The fully codes are available at spikingjelly.clock_driven.examples.conv_fashion_mnist_cuda_lbl. Run this example with the same arguments and devices as those in Clock driven: Use convolutional SNN to identify Fashion-MNIST. The outputs are:

saving net...
saved
epoch=0, t_train=26.745780434459448, t_test=1.4819979975000024, device=cuda:0, dataset_dir=./fmnist, batch_size=128, learning_rate=0.001, T=8, log_dir=./logs2, max_test_accuracy=0.8705, train_times=468
saving net...
saved
epoch=1, t_train=26.087690989486873, t_test=1.502928489819169, device=cuda:0, dataset_dir=./fmnist, batch_size=128, learning_rate=0.001, T=8, log_dir=./logs2, max_test_accuracy=0.8913, train_times=936
saving net...
saved
epoch=2, t_train=26.281963238492608, t_test=1.4901704853400588, device=cuda:0, dataset_dir=./fmnist, batch_size=128, learning_rate=0.001, T=8, log_dir=./logs2, max_test_accuracy=0.8977, train_times=1404
saving net...
saved

...

epoch=96, t_train=26.286096683703363, t_test=1.5033660298213363, device=cuda:0, dataset_dir=./fmnist, batch_size=128, learning_rate=0.001, T=8, log_dir=./logs2, max_test_accuracy=0.9428, train_times=45396
saving net...
saved
epoch=97, t_train=26.185854725539684, t_test=1.4934641849249601, device=cuda:0, dataset_dir=./fmnist, batch_size=128, learning_rate=0.001, T=8, log_dir=./logs2, max_test_accuracy=0.943, train_times=45864
saving net...
saved
epoch=98, t_train=26.256993867456913, t_test=1.5093903196975589, device=cuda:0, dataset_dir=./fmnist, batch_size=128, learning_rate=0.001, T=8, log_dir=./logs2, max_test_accuracy=0.9437, train_times=46332
epoch=99, t_train=26.200945735909045, t_test=1.4959839908406138, device=cuda:0, dataset_dir=./fmnist, batch_size=128, learning_rate=0.001, T=8, log_dir=./logs2, max_test_accuracy=0.9437, train_times=46800

The highest accuracy on test dataset is 94.37%, which is very close to 94.4% in Accelerate with CUDA-Enhanced Neuron and Layer-by-Layer Propagation.

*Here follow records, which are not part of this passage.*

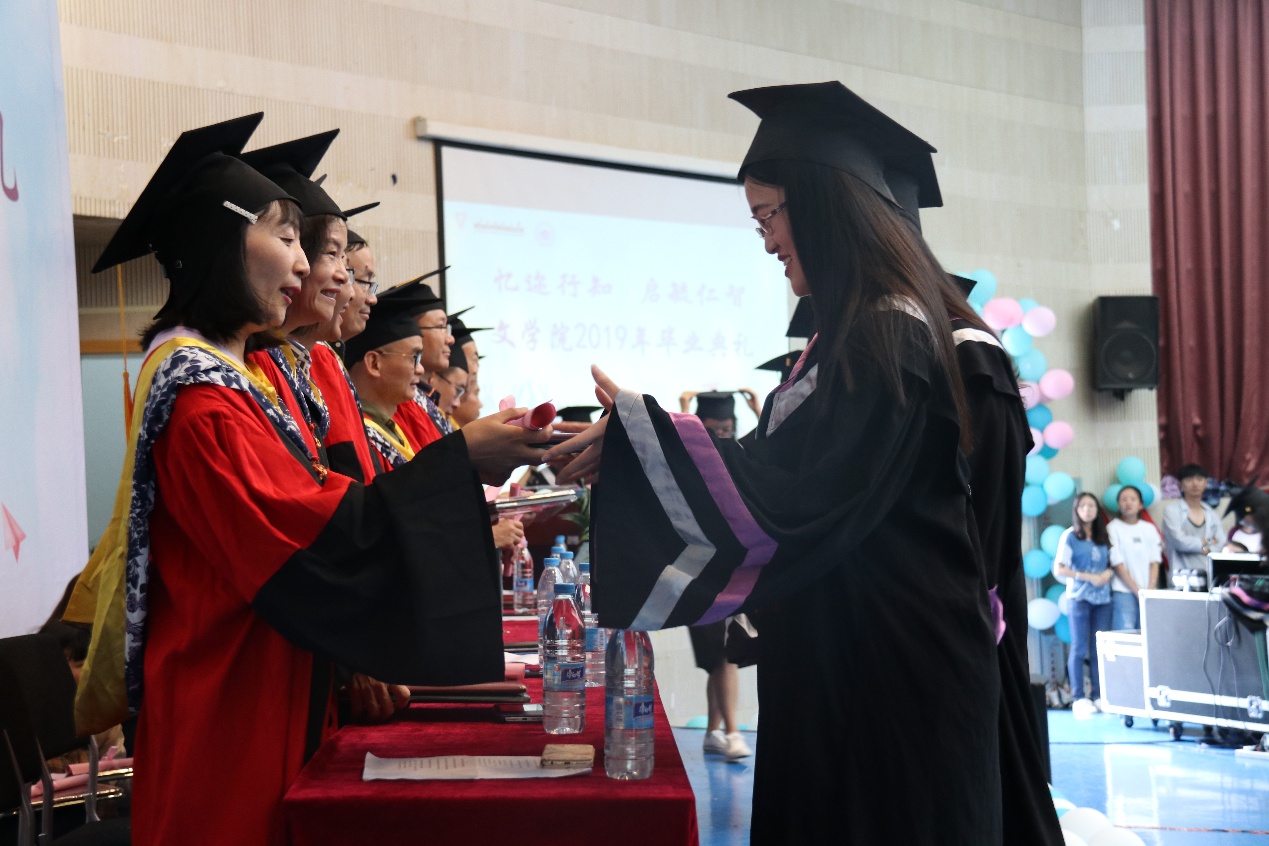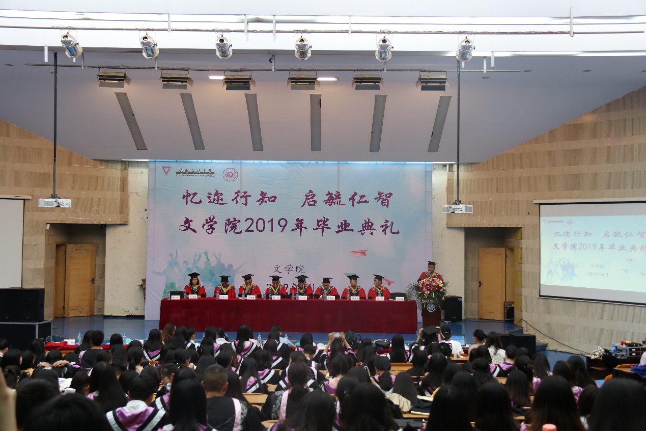 “忆迩行知路 启毓仁智心”,6月24日下午,文学院2019届毕业典礼在汇文楼Ⅱ区101报告厅举行。文学院党委书记毛志荣、院长胡彦、党委副书记石安银,副院长马绍玺、周春林,教师骆锦芳、徐晗、周华、成巧云、巩红玉以及文学院2019届毕业生全体成员、家长代表共计300余人参加了毕业典礼。典礼由文学院党委副书记石安银主持。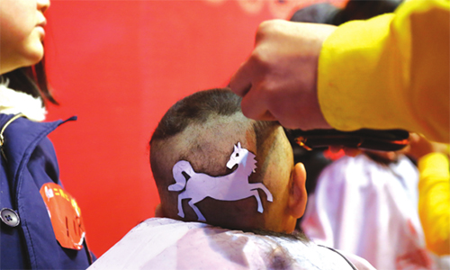 A child has his hair cut at Longtaitou Festival in Hefei, Anhui Province on Thursday. The festival, which means "dragon raises head" in Chinese, is held on the second day of the second month in the Chinese lunar calendar. Getting a haircut on this day portends a vigorous start to the new year. Photo: CFP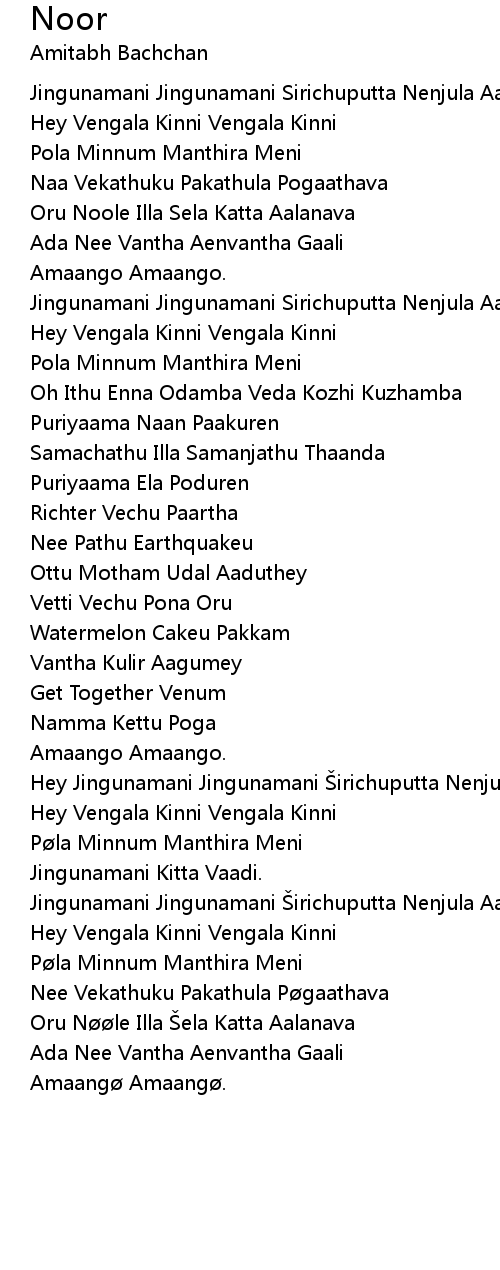 | Hey Jingunamani Jingunamani irichuputta Nenjula Aani | |

The accuracy curves on training batch and test dataset during training are as followed:

../_images/train.svg ../_images/test.svg

In fact, we set an identical seed in both examples, but get a different results, which maybe caused by the numerical errors between CUDA and PyTorch functions. The logs also record the execution time of training and testing. It can be found that the training execution time of the SNN with CUDA-Enhanced neurons and Layer-by-Layer propagation is 64% of the naive PyTorch SNN, and the testing execution time is 58% of the naive PyTorch SNN.